▸ Supplied entries
:::::

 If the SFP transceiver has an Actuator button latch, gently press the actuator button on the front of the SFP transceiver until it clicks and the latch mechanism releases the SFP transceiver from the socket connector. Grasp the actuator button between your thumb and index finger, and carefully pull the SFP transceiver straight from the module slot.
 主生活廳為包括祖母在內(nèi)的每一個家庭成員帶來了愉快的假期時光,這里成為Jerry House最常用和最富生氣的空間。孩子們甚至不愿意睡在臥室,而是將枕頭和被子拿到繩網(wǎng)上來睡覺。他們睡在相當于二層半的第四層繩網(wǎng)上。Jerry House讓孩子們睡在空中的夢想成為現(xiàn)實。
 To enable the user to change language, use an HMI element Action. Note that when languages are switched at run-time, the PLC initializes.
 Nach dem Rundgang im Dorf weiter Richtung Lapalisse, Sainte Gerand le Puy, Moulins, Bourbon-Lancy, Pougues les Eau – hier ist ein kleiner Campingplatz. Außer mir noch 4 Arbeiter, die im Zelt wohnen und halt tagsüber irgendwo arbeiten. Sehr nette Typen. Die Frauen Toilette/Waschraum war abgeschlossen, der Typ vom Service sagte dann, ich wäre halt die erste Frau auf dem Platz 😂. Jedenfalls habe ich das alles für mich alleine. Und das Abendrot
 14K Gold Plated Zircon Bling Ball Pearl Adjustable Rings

:::::

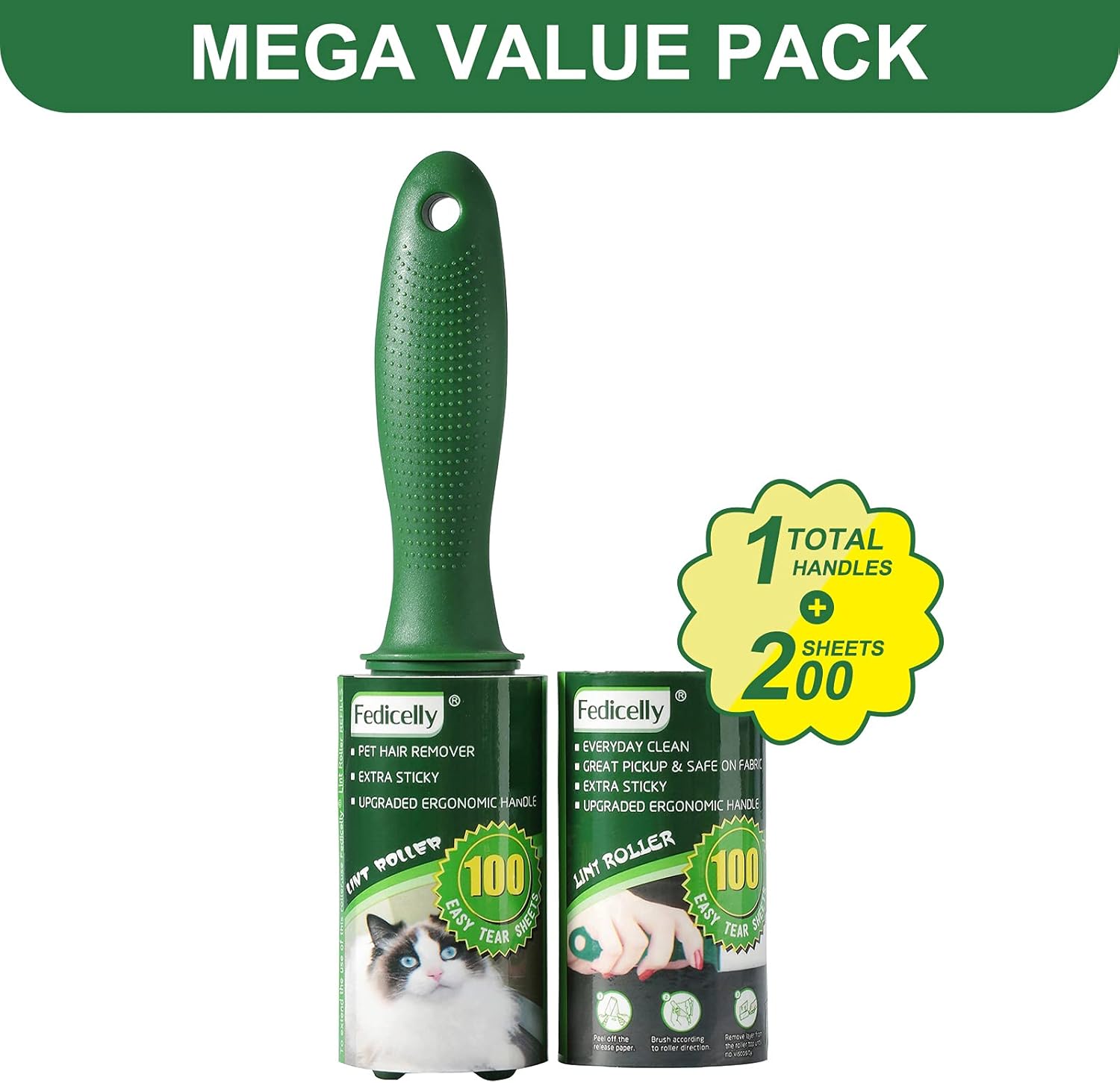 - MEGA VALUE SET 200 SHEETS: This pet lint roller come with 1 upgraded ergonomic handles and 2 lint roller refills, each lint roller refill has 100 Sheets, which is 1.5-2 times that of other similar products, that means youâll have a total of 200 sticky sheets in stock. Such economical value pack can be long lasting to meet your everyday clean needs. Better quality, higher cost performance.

:::::

▸ What the task requires
Of the lines above, retype only those from the line containing "If the SFP transceiver" through the line containing "14K Gold Plated", including both, exactly.

▸ Solution to this task
 If the SFP transceiver has an Actuator button latch, gently press the actuator button on the front of the SFP transceiver until it clicks and the latch mechanism releases the SFP transceiver from the socket connector. Grasp the actuator button between your thumb and index finger, and carefully pull the SFP transceiver straight from the module slot.
 主生活廳為包括祖母在內(nèi)的每一個家庭成員帶來了愉快的假期時光,這里成為Jerry House最常用和最富生氣的空間。孩子們甚至不愿意睡在臥室,而是將枕頭和被子拿到繩網(wǎng)上來睡覺。他們睡在相當于二層半的第四層繩網(wǎng)上。Jerry House讓孩子們睡在空中的夢想成為現(xiàn)實。
 To enable the user to change language, use an HMI element Action. Note that when languages are switched at run-time, the PLC initializes.
 Nach dem Rundgang im Dorf weiter Richtung Lapalisse, Sainte Gerand le Puy, Moulins, Bourbon-Lancy, Pougues les Eau – hier ist ein kleiner Campingplatz. Außer mir noch 4 Arbeiter, die im Zelt wohnen und halt tagsüber irgendwo arbeiten. Sehr nette Typen. Die Frauen Toilette/Waschraum war abgeschlossen, der Typ vom Service sagte dann, ich wäre halt die erste Frau auf dem Platz 😂. Jedenfalls habe ich das alles für mich alleine. Und das Abendrot
 14K Gold Plated Zircon Bling Ball Pearl Adjustable Rings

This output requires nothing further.